■ Information provided:
+++++
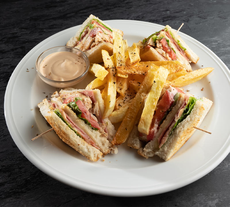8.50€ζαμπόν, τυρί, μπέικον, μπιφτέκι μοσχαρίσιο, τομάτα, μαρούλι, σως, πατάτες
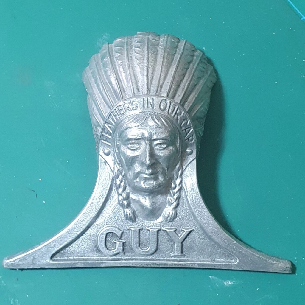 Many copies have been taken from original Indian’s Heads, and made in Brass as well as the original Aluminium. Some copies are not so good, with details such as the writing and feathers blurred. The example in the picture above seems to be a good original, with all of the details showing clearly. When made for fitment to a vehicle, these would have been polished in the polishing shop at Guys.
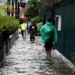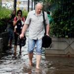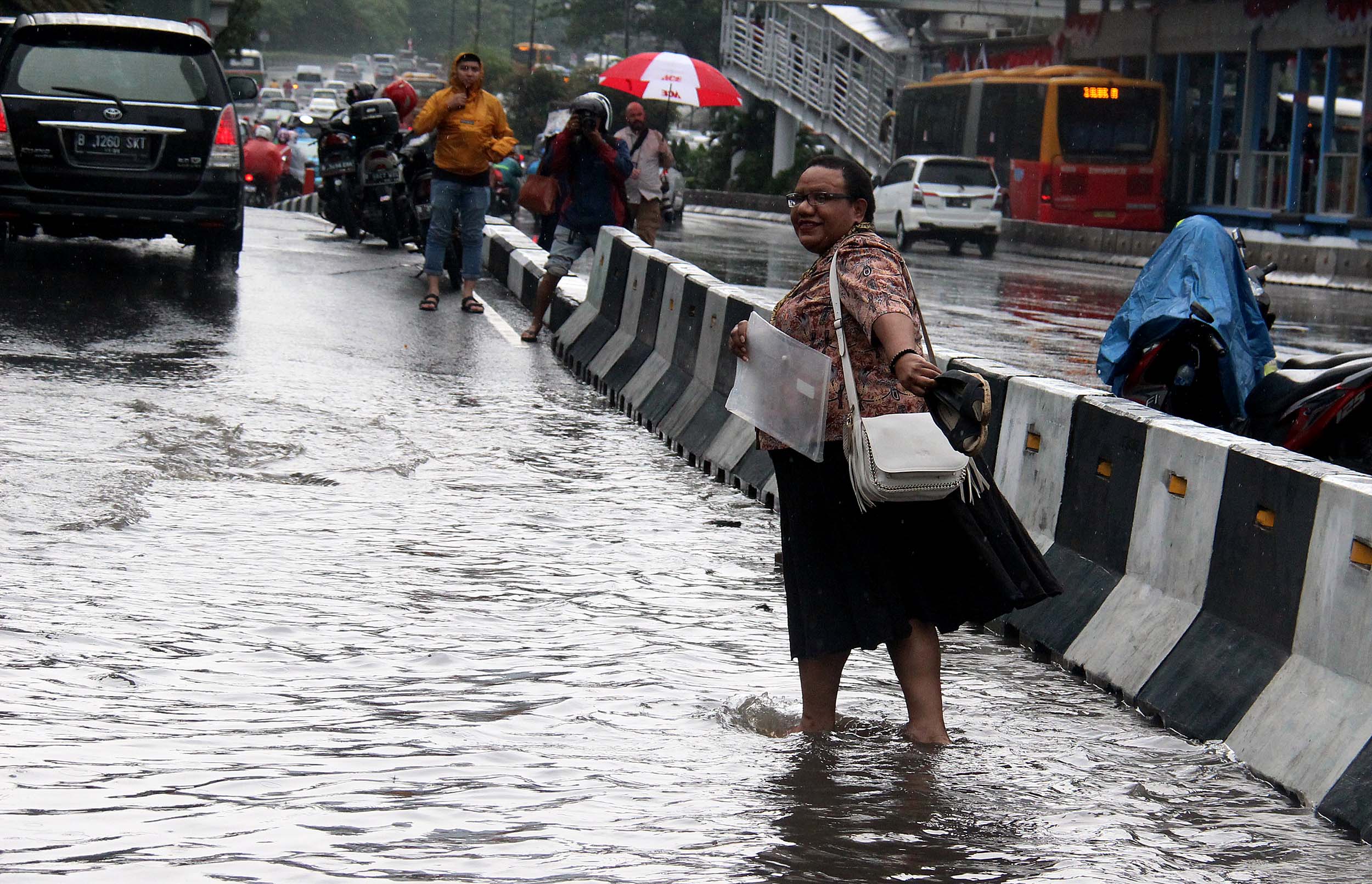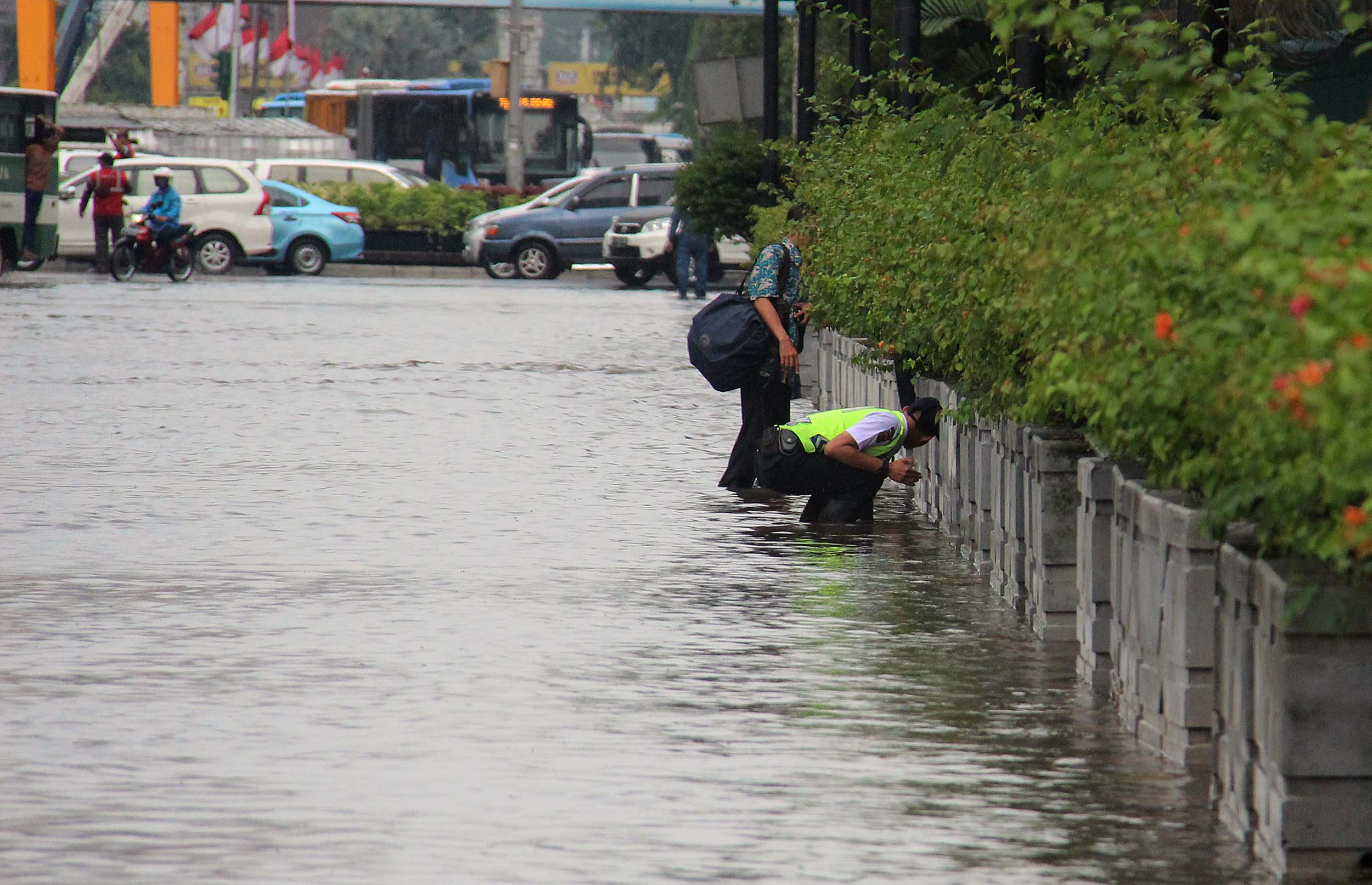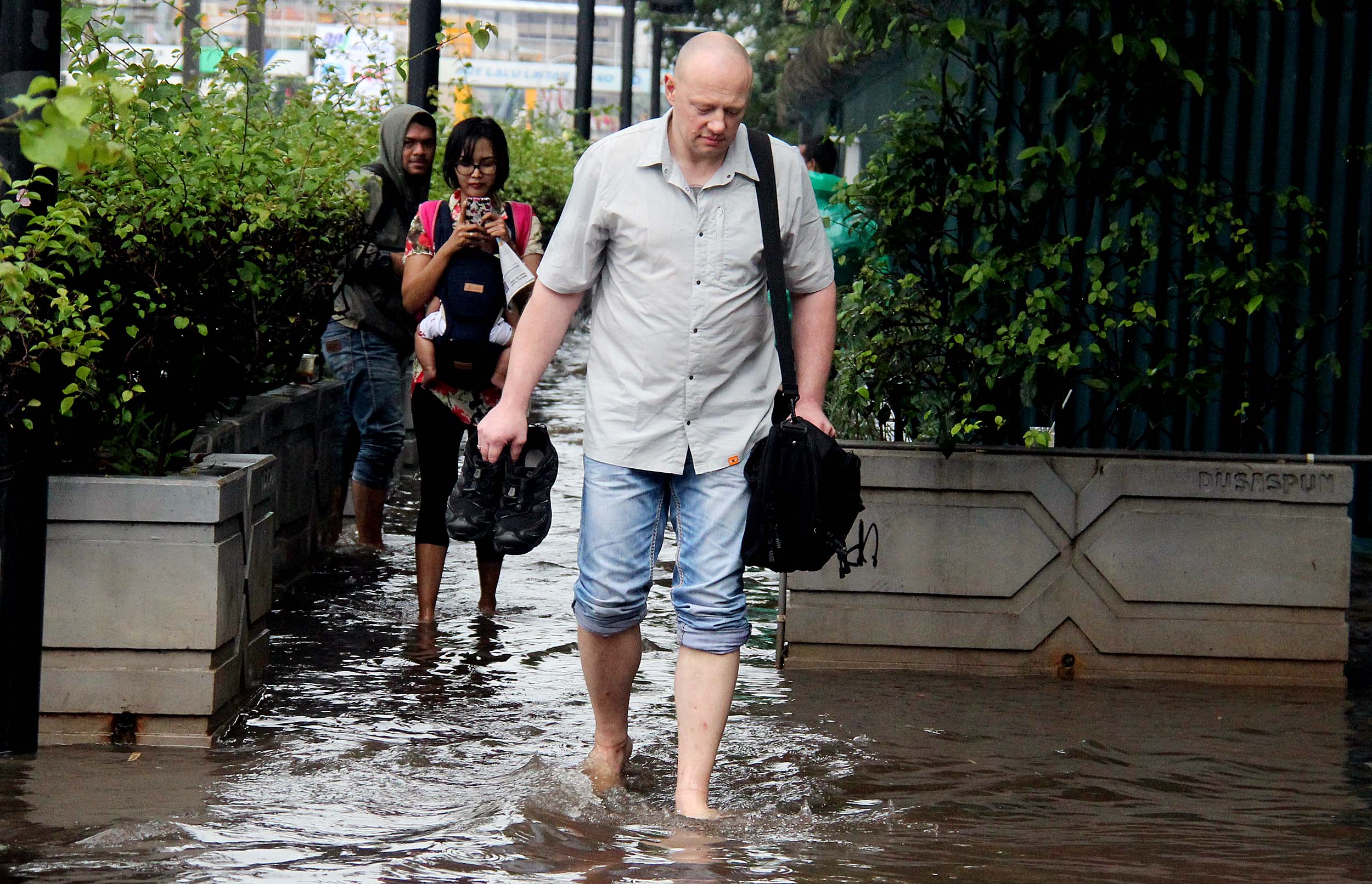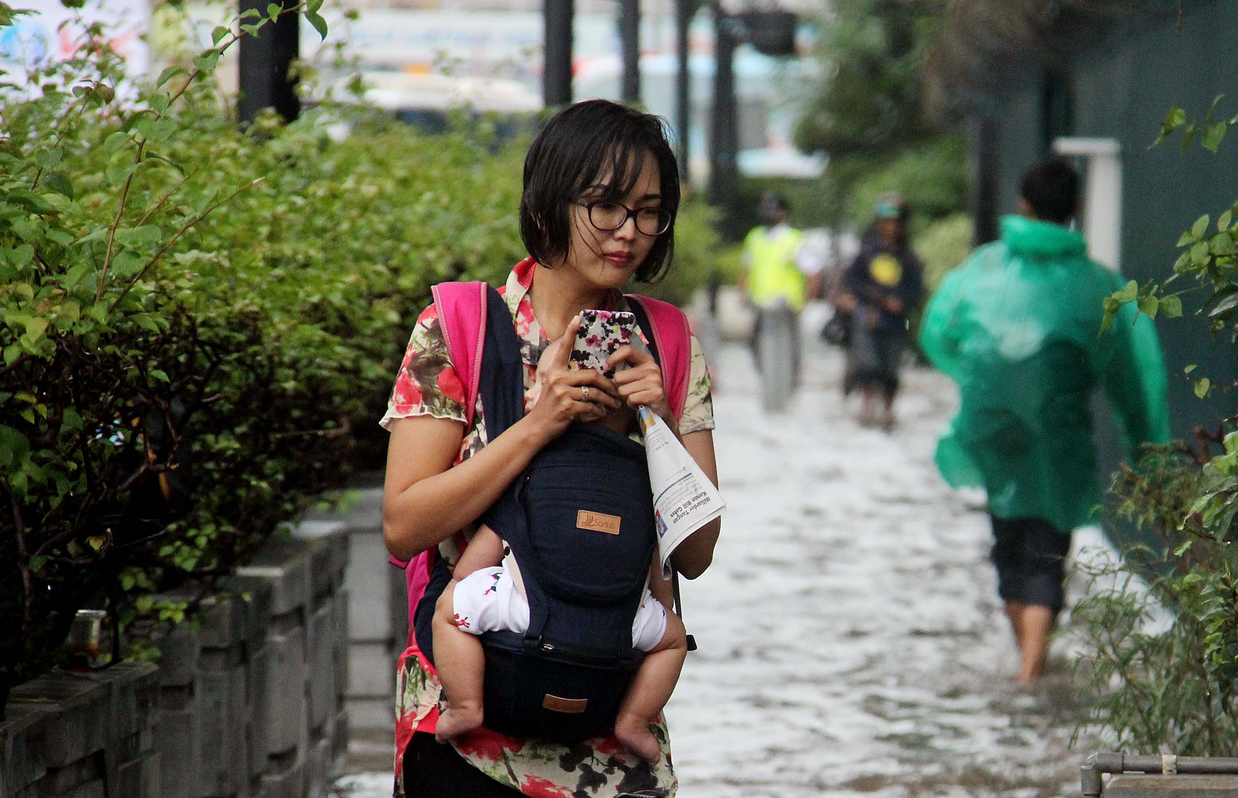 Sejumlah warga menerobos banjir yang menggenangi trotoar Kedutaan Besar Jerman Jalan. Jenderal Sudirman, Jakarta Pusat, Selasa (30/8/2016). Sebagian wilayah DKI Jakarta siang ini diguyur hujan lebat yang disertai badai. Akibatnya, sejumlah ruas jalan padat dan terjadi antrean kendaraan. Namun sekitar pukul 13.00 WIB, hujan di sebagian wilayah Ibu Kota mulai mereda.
+++++
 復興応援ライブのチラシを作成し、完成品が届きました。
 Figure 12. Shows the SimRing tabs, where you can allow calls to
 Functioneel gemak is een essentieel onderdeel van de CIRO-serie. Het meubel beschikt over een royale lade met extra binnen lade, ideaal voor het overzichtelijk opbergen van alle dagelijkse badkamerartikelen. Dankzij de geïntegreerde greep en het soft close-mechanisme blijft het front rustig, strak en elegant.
+++++
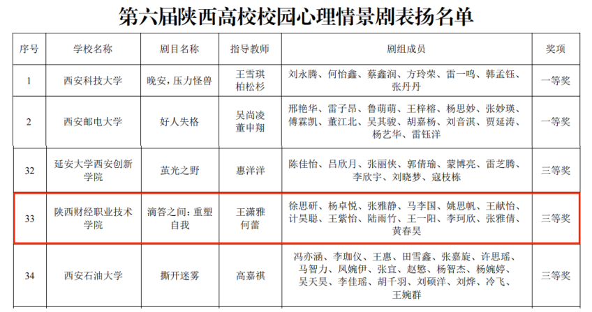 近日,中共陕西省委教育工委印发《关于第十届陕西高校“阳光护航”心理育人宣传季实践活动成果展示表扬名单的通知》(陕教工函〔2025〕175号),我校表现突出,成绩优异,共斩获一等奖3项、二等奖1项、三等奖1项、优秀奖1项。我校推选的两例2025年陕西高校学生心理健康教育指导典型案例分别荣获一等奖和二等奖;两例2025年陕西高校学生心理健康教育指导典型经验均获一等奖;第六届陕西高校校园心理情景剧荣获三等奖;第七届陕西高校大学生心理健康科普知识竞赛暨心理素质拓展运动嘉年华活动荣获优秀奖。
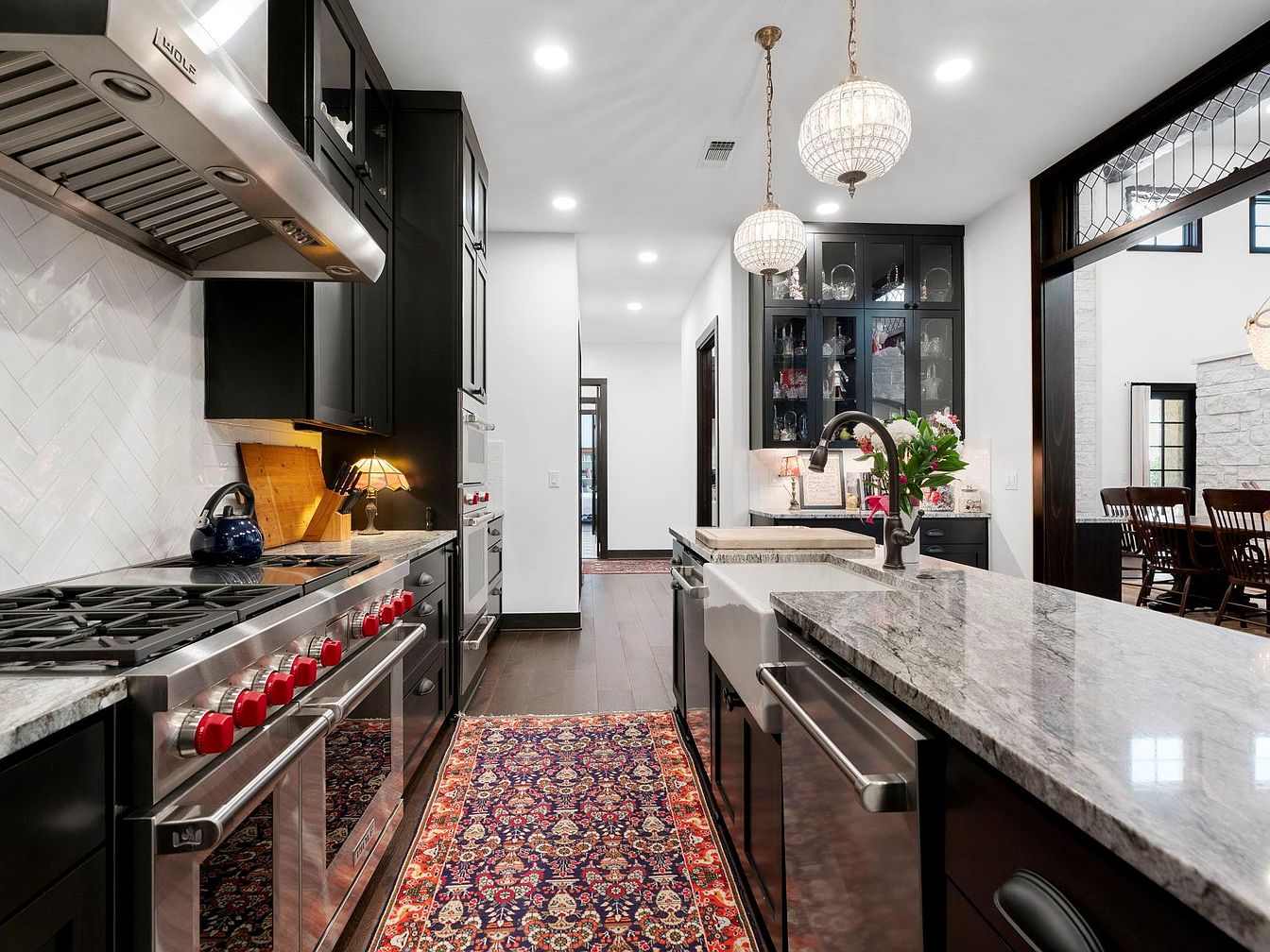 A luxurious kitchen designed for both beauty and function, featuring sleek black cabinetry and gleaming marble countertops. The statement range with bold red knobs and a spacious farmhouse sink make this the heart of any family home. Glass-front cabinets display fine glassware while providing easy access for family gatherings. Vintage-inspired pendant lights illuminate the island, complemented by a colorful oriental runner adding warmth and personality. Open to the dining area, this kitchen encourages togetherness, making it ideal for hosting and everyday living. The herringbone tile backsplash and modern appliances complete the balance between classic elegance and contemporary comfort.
+++++
■ What is being asked: Look above for the line holding "Figure 12. Shows" and the line holding "Functioneel gemak is", then output exactly those two lines and every line between them, nothing more.

■ Exercise output:
 Figure 12. Shows the SimRing tabs, where you can allow calls to
 Functioneel gemak is een essentieel onderdeel van de CIRO-serie. Het meubel beschikt over een royale lade met extra binnen lade, ideaal voor het overzichtelijk opbergen van alle dagelijkse badkamerartikelen. Dankzij de geïntegreerde greep en het soft close-mechanisme blijft het front rustig, strak en elegant.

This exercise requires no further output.